##### STORED DATA #####
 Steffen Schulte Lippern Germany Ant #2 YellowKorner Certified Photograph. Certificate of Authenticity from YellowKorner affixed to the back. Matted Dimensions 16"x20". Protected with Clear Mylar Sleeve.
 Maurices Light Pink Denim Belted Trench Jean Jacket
#####
##### STORED DATA #####
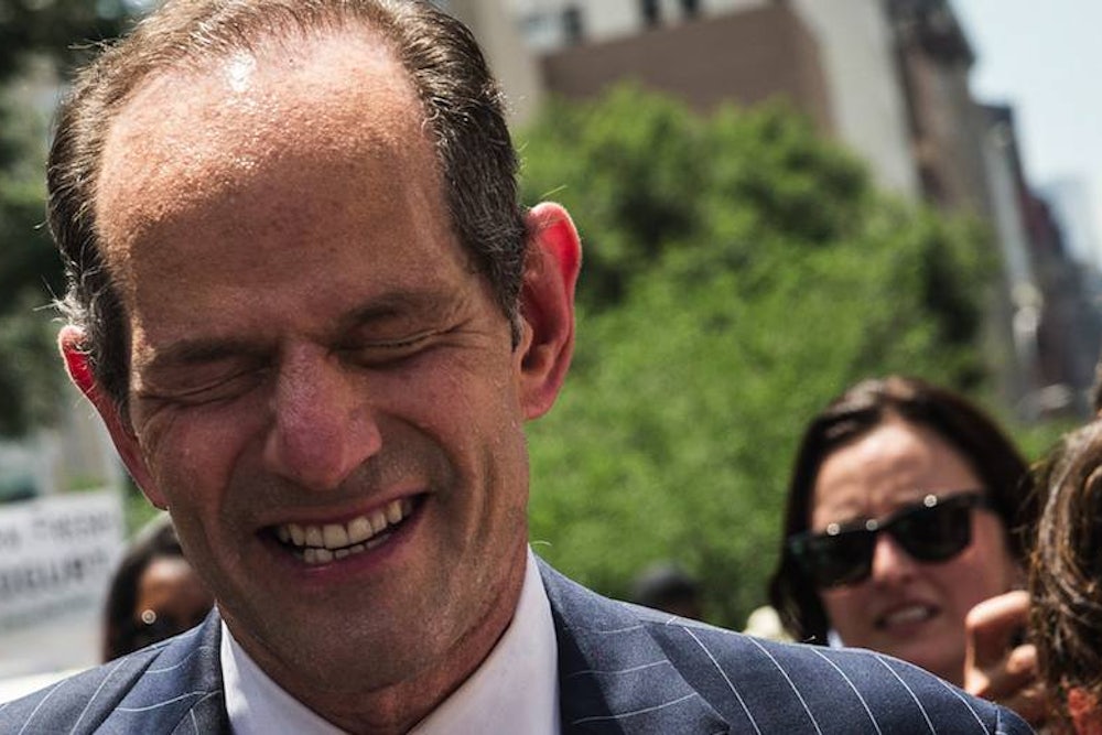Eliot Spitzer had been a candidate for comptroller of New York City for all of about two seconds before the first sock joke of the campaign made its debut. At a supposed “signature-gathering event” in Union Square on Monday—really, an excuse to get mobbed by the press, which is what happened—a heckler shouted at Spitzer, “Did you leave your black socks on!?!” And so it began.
#####
* **PROBLEM**
The lines above, starting at the one with "Steffen Schulte Lippern" and ending at the one with "Maurices Light Pink", are the only ones to return, exactly as written.

* **FINISHED EXERCISE**
 Steffen Schulte Lippern Germany Ant #2 YellowKorner Certified Photograph. Certificate of Authenticity from YellowKorner affixed to the back. Matted Dimensions 16"x20". Protected with Clear Mylar Sleeve.
 Maurices Light Pink Denim Belted Trench Jean Jacket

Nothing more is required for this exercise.